Re: comparing two files for duplicate entries

by davido (Cardinal)
on Sep 27, 2006 at 17:45 UTC ( [id://575204]=note: print w/replies, xml ) Need Help??


in reply to comparing two files for duplicate entries

This is even less memory efficient, but I couldn't resist turning your problem into a golfed one-liner. I'm sure someone else will squeeze a few extra characters out of it:

perl -ane "push@{$h{$F[0]}},$_;END{while(($k,$v)=each%h){print@{$v}if@ +{$v}>1}}" dat1.txt dat2.txt

-a = autosplit into @F. -n means wrap the -e code in a while(<>){.....} loop. So as this one-liner iterates over the two (or more) files, it pushes each line into an anonymous array held in a hash where the keys are the "objectN" (the first element of @F).
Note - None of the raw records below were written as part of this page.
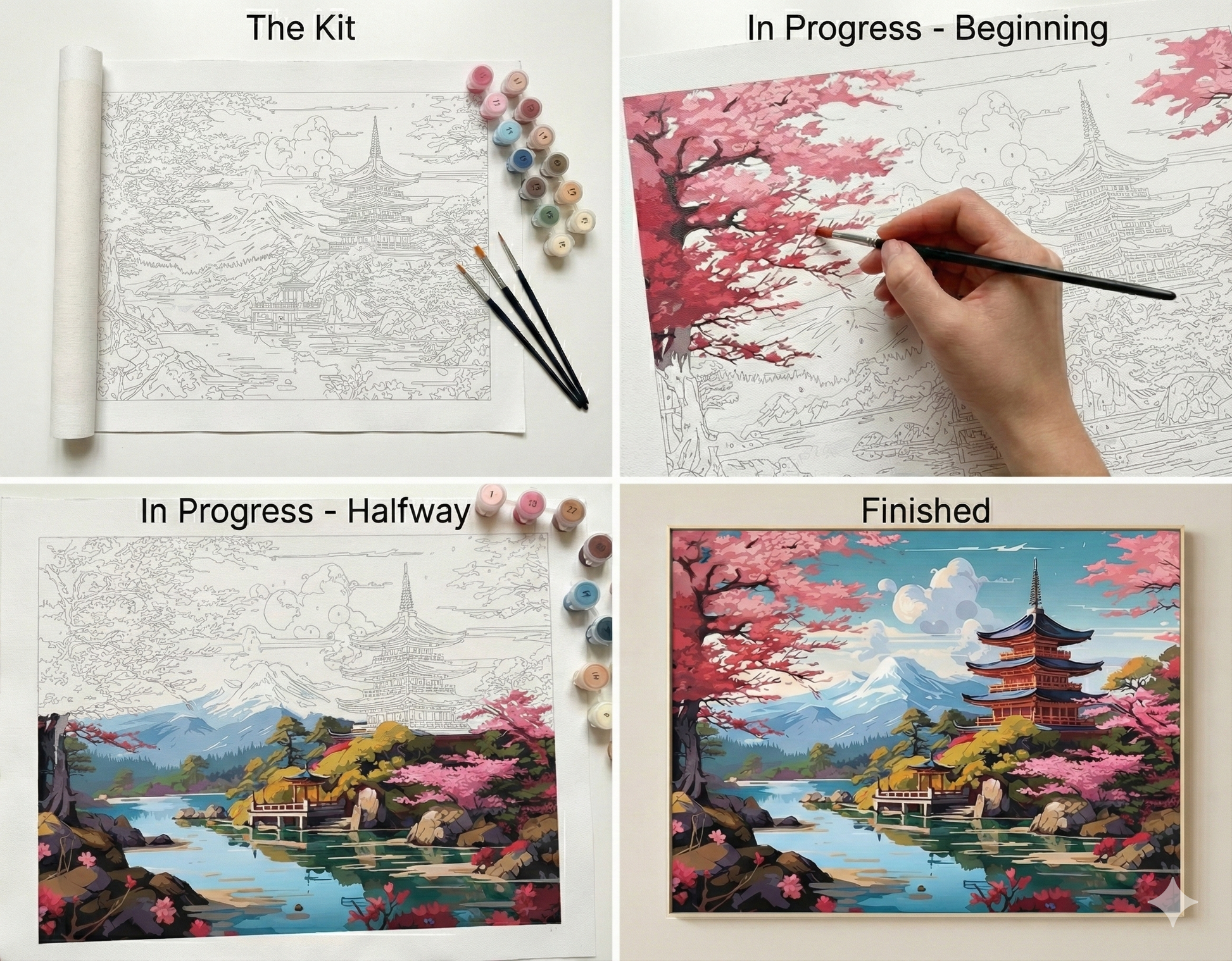 With soft sakura blooms 🌺, reflective waters 🌊, and a timeless pagoda 🏯, Stillness of Sakura transforms painting into a mindful ritual 🧘♀️🎨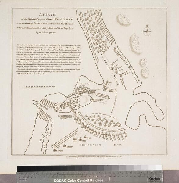 Attack of the Rebels upon Fort Penobscott in the Province of New England in which their Fleet was totally destroyed and their Army dispersed the 14th. Augst. 1779. For the Continuation (after Tindal's) of Rapin's History of Egd. Published as the Act directs Decr. 18th 1785. by an Officer present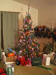 It’s no secret I like Christmas and Christmas Ornaments, it took us a few hours to get everything on. I think that the total came to about 200 ornaments!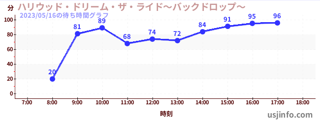 • ハリウッド・ドリーム・ザ・ライド〜バックドロップ〜$B$N(B2023年05月16日の待ち時間

After the first implicit while. loop (-n) finishes, the END{} block is executed. Here we test each hash element to see if its anonymous array holds more than one element. If it does, print the array. We're taking advantage of the fact that each array element still contains the \n newline from the original file's line endings, and that's why "print @ARRAY." results in one element per print-out line.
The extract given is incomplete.